• **AIM OF THE EXERCISE**
Repeat these records exactly, pictures excluded.

• **SOURCE DATA**
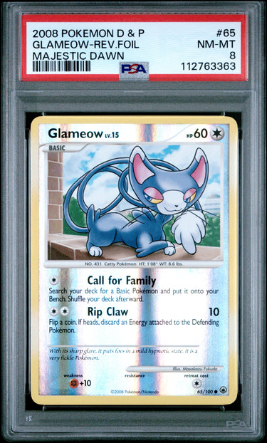 2008 Pokemon Diamond & Pearl Majestic Dawn #65 Glameow-Rev.Foil PSA 8
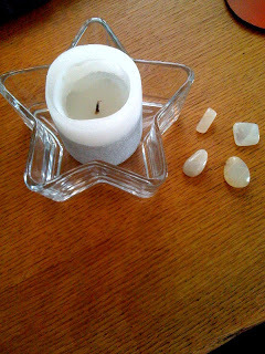 Now then...I also toss in a few wonderful magickal correspondences, such as my Moonstones and white and silver candles to give the magick a bigger boost yet!
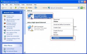 2. Cari Wireless Network Connection dan klik kanan kemudian pilih properties
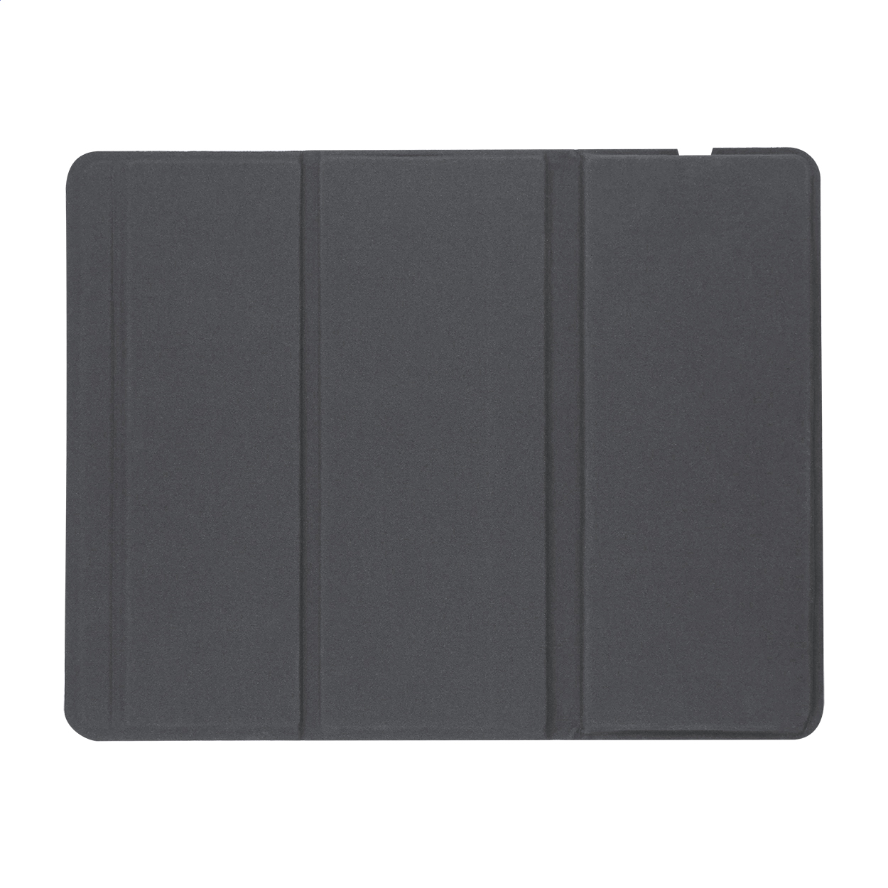 Tappetino per mouse ripiegabile in pelle PU riciclata con caricatore wireless integrato (10W) e funzione portacellulare. Con base antiscivolo in velluto e cavo di ricarica USB incluso.
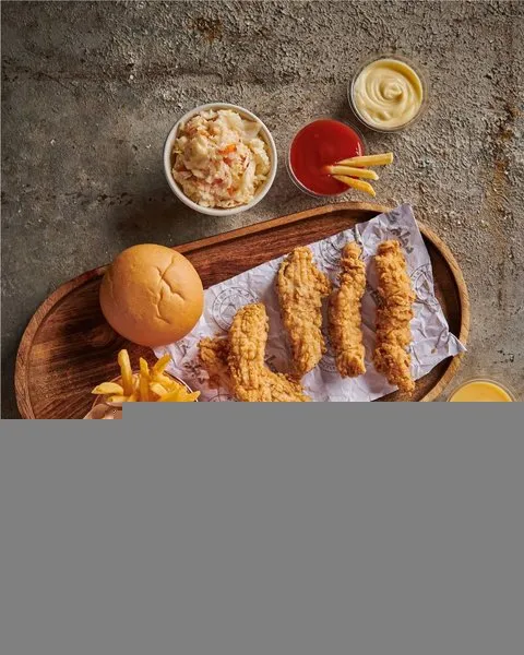 Crispy chicken breast strips with special spices, 3 pieces served with fries, 5 pieces & 5 pieces combo served with fries & coleslaw
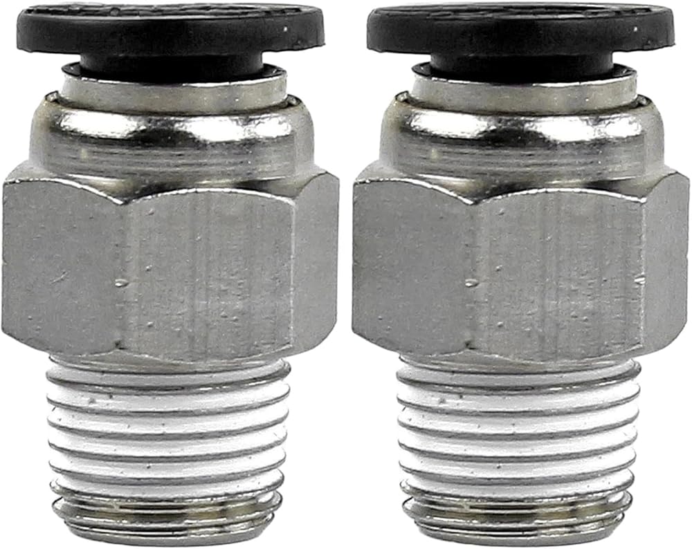 • 1/8" Male NPT x 1/4" Push Lock Straight Connector Fitting (2 Pack) 2 Brand new Prevost 1/8" male NPT x 1/4" push lock straight connector fittings. These are high quality, solid brass fittings with nickel plating to resist corrosion and ensure a long working life. The push lock fitting features a 1/8" male NPT connection and accepts 1/4" o.d. hose. These fittings make hose installation and removal extremley quick, easy, and convenient. You can use these push connect fittings in a variety of applications and it comes with a teflon sealing on the threads for a air tight seal in installation.
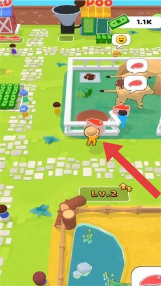 1、呈现农场场景,有角色、动物、资源(钱币1.1K)等,玩家可进行农场经营操作,如养殖、资源收集等,属于休闲农场经营。
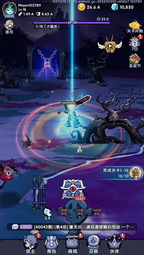 1、挂机战斗:该游戏的核心玩法是挂机放置,玩家能把角色安置在地图上,角色处于离线状态时会自动进行战斗并积累资源。这种玩法使玩家可以轻松体验游戏的乐趣,还能有更多时间去挖掘游戏的深度与广度。
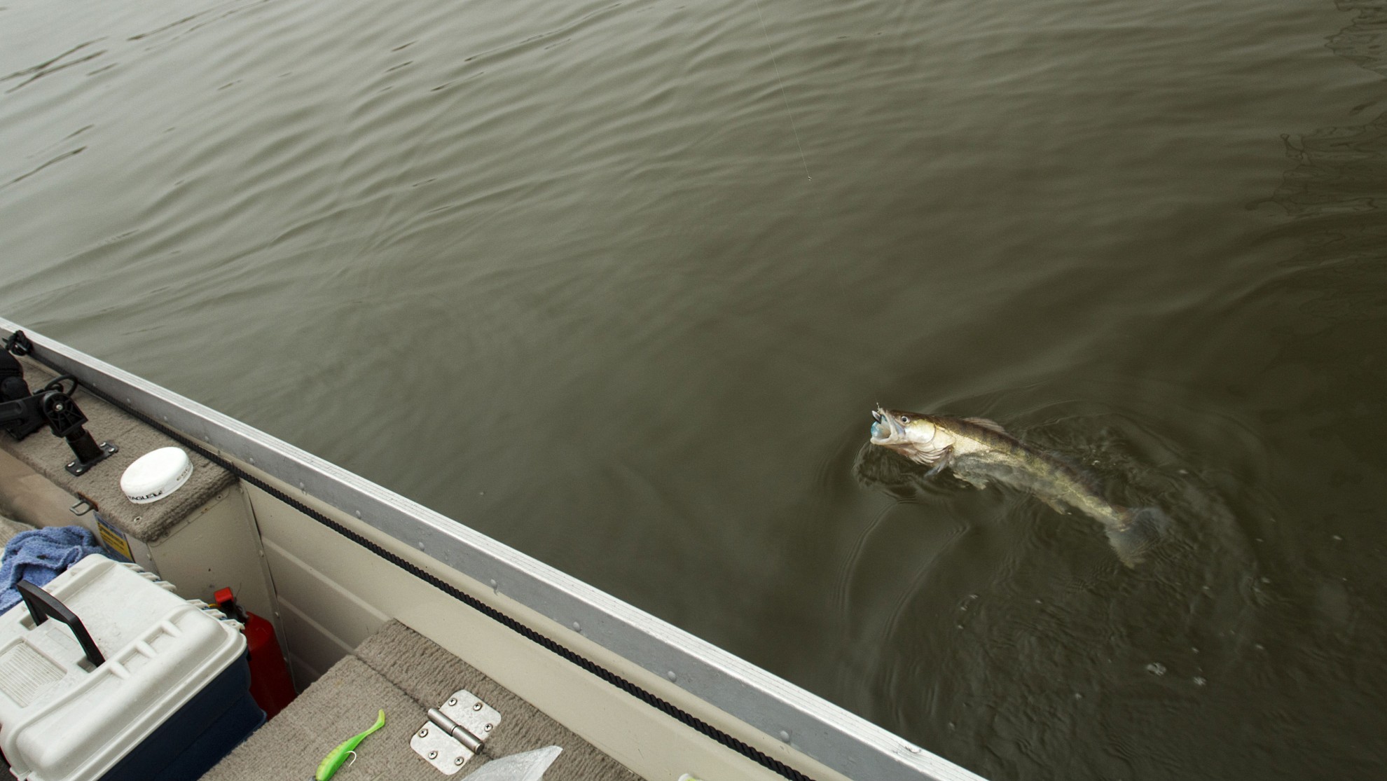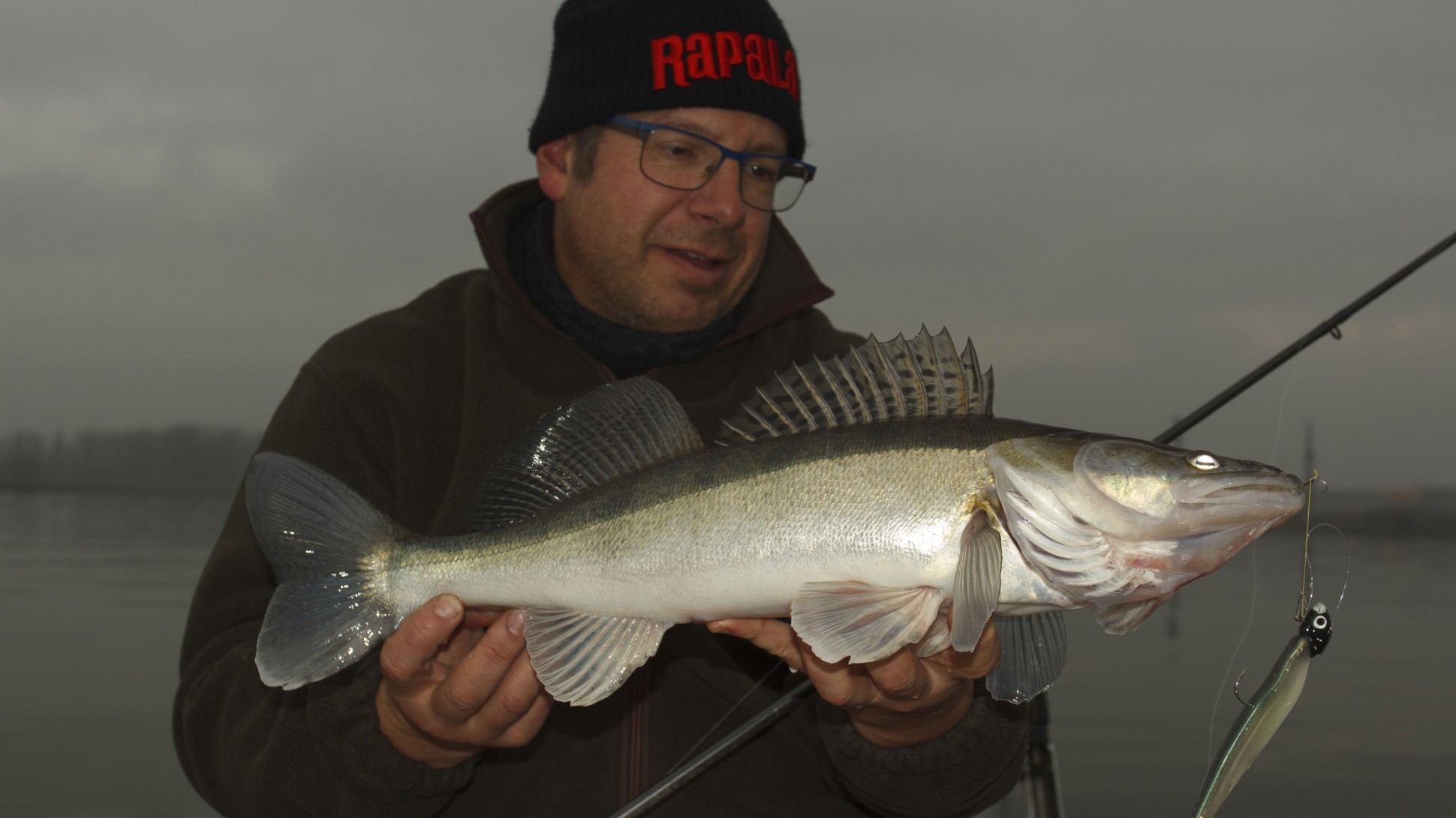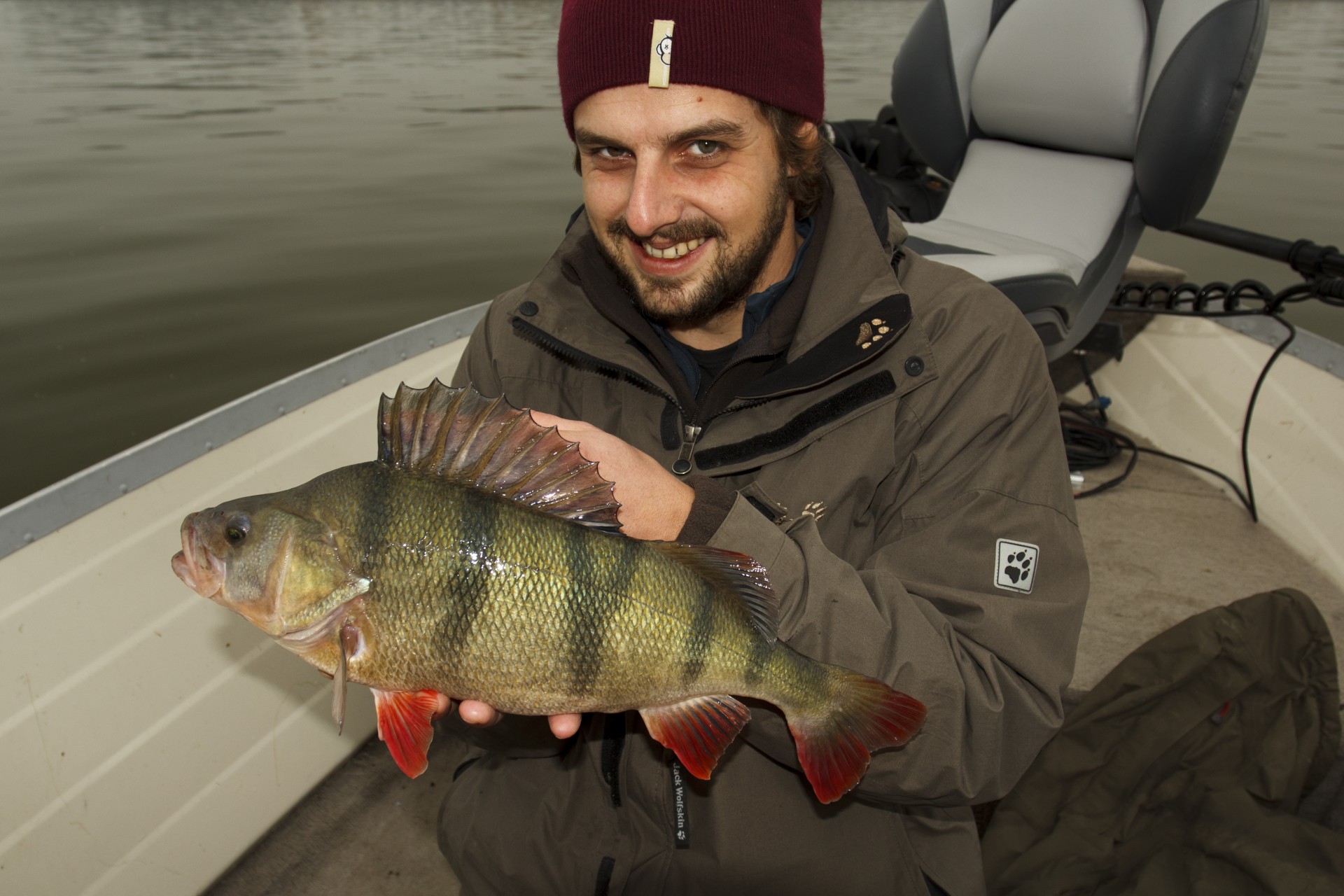 De vissen lagen nog op de diepte van vorige week en ik had ook een aantal nieuwe shads ingeslagen. Kleur wit-blauw. Iets wat ik niet veel gebruik maar Fons overtuigde me. De eerste stek gaf niet veel vis present dus sjeesden we zonder tijd te verliezen een eind verderop. Daar was het wél raak maar we verzeilden in de kleine vissen. Dat is plezant voor iemand die het vertikalen nog niet echt doorheeft maar kleintjes trekken hoeft voor mij niet zo. Op de volgende stek had ik last van golfslag en die liet ik vlug links liggen. Op de volgende stek in de luwte kwamen de aanbeten trager maar waren het iets leukere vissen. Het werd helemaal mooi toen Jens een mooie baars aantikte. 45 cm is naar onze maatstaven een grote baars. We heten niet allemaal Marc Hoeben! Jens was er dolblij mee…

• **FINISHED TASK**
 2008 Pokemon Diamond & Pearl Majestic Dawn #65 Glameow-Rev.Foil PSA 8
 Now then...I also toss in a few wonderful magickal correspondences, such as my Moonstones and white and silver candles to give the magick a bigger boost yet!
 2. Cari Wireless Network Connection dan klik kanan kemudian pilih properties
 Tappetino per mouse ripiegabile in pelle PU riciclata con caricatore wireless integrato (10W) e funzione portacellulare. Con base antiscivolo in velluto e cavo di ricarica USB incluso.
 Crispy chicken breast strips with special spices, 3 pieces served with fries, 5 pieces & 5 pieces combo served with fries & coleslaw
 • 1/8" Male NPT x 1/4" Push Lock Straight Connector Fitting (2 Pack) 2 Brand new Prevost 1/8" male NPT x 1/4" push lock straight connector fittings. These are high quality, solid brass fittings with nickel plating to resist corrosion and ensure a long working life. The push lock fitting features a 1/8" male NPT connection and accepts 1/4" o.d. hose. These fittings make hose installation and removal extremley quick, easy, and convenient. You can use these push connect fittings in a variety of applications and it comes with a teflon sealing on the threads for a air tight seal in installation.
 1、呈现农场场景,有角色、动物、资源(钱币1.1K)等,玩家可进行农场经营操作,如养殖、资源收集等,属于休闲农场经营。
 1、挂机战斗:该游戏的核心玩法是挂机放置,玩家能把角色安置在地图上,角色处于离线状态时会自动进行战斗并积累资源。这种玩法使玩家可以轻松体验游戏的乐趣,还能有更多时间去挖掘游戏的深度与广度。
 De vissen lagen nog op de diepte van vorige week en ik had ook een aantal nieuwe shads ingeslagen. Kleur wit-blauw. Iets wat ik niet veel gebruik maar Fons overtuigde me. De eerste stek gaf niet veel vis present dus sjeesden we zonder tijd te verliezen een eind verderop. Daar was het wél raak maar we verzeilden in de kleine vissen. Dat is plezant voor iemand die het vertikalen nog niet echt doorheeft maar kleintjes trekken hoeft voor mij niet zo. Op de volgende stek had ik last van golfslag en die liet ik vlug links liggen. Op de volgende stek in de luwte kwamen de aanbeten trager maar waren het iets leukere vissen. Het werd helemaal mooi toen Jens een mooie baars aantikte. 45 cm is naar onze maatstaven een grote baars. We heten niet allemaal Marc Hoeben! Jens was er dolblij mee…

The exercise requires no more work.